И вот сейчас Ганке ждал штурмбаннфюрера Скорцени, который выразил желание, несмотря на глубокую ночь, приехать в гестапо и лично поговорить с «партизанкой» о задании. Чтобы не терять времени, гауптман просматривал дневные донесения своих агентов. Вдруг он удивленно хмыкнул, отложил в сторону одну из бумаг и вызвал дежурного:
– Срочно доставить сюда женщину, проживающую в седьмом номере гостиницы.
Гестаповцы тут же отправились выполнять приказ. Когда они ворвались в номер, Мария потребовала объяснить, что это значит. Но двое гестаповцев толкнув ее в сторону, стали обыскивать комнату, переворачивать постель, выдвигать ящики стола… Прижавшись к стене, девушка лихорадочно обдумывала свое положение. «Провал… Но ведь документы проверяли много раз и никаких подозрений не было… Может, я допустила какую-либо ошибку в разговоре с лейтенантом Эккариусом?… Может, кто-то из связных – официант или продавец – предатель, гестаповский шпик? А вдруг вместо руководителя подполья, схваченного немцами, гестапо подсунуло своего агента и я разговаривала с ним? Неужели все подполье провалилось и явки в руках немцев?»
– Одевайся!
– Еще раз требую объяснить мне, что все это значит? – возмущенно спросила Мария. – Посмотрите мои документы!
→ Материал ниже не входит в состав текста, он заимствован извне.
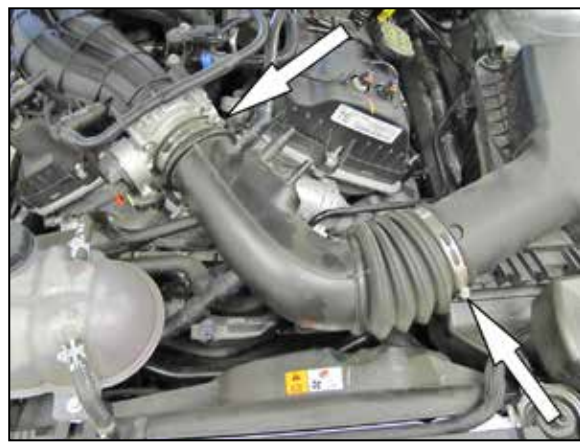
3. Loosen the hose clamps and then remove the factory intake tube.

Я буду жаловаться!
– Жаловаться! – засмеялся гестаповец. – На гестапо?! Нихт зихер… [12] Комм!
Марию втолкнули в машину и повезли. Здание гестапо, возле которого остановились, она узнала сразу. Ее провели в приемную и посадили на стул рядом с дверью, на которой табличка на немецком языке сообщала, что здесь кабинет заместителя начальника гестапо гауптмана Ганке. Возле двери в коридор сел гестаповец. Второй вошел в кабинет, и Мария слышала, как он доложил:
– Герр гауптман, арестованная доставлена… Вот все, что при ней обнаружено… сумочка.
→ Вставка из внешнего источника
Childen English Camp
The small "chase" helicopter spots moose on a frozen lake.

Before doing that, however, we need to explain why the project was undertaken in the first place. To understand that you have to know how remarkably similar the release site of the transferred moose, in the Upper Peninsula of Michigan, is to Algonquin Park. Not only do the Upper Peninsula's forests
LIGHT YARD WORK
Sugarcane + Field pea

– Бросьте ее на тот столик… Арестованная пусть подождет.
В это время открылась дверь и в приемную ввели под конвоем молодую хрупкую женщину с коротко остриженными волосами. Увидев ее, Мария вздрогнула и отвернулась к окну: «Ведь это повариха Шура из отряда Зайцева! Как она очутилась здесь?» Женщину провели мимо, в кабинет гауптмана.
– Садитесь! – услышала Мария сквозь неплотно прикрытую дверь. – Имейте в виду, что если вы не выполните наше задание, мы уничтожим вашего мужа, а протоколы допросов и ваше письменное согласие работать на нас передадим советским чекистам! Понятно?
– Да… Я сделаю все…
Кто– то подошел к двери и плотно придавил ее. Теперь Мария ничего не слышала. «Предательница! Ее зашлют назад в отряд… Она получит какое-то задание и предаст товарищей! Что же делать? Как сообщить об этом в отряд? Что знают немцы обо мне? Нет, нет, держаться, настаивать, что я немка, и держаться!…»
Рассвет замутил стекла окон, когда из кабинета вывели Шуру. Услышав шум, Мария снова повернулась к окну, боясь как бы предательница не узнала ее: они не раз встречались в отряде Зайцева.
– Комм! – подошел гестаповец.
Мария внутренне вся сжалась, как пружина. Внешне она выглядела спокойно, только темные круги под глазами выдавали ее усталость. Это и неудивительно: она просидела здесь почти четыре часа.
– Фрейлейн Мария?! – удивленно произнес гауптман Ганке. – В такое время? Здесь? Что случилось?…
– Ваши молодчики привели меня, – сухо ответила Мария, сделав вид, что не видит протянутой руки гауптмана. – Я хотела бы знать, герр гауптман, в чем я провинилась перед фатерляндом, что меня хватают ваши люди среди ночи, тащат в гестапо, и я сижу здесь четыре часа? Это безобразие! С немкой обращаются, как с бандитом!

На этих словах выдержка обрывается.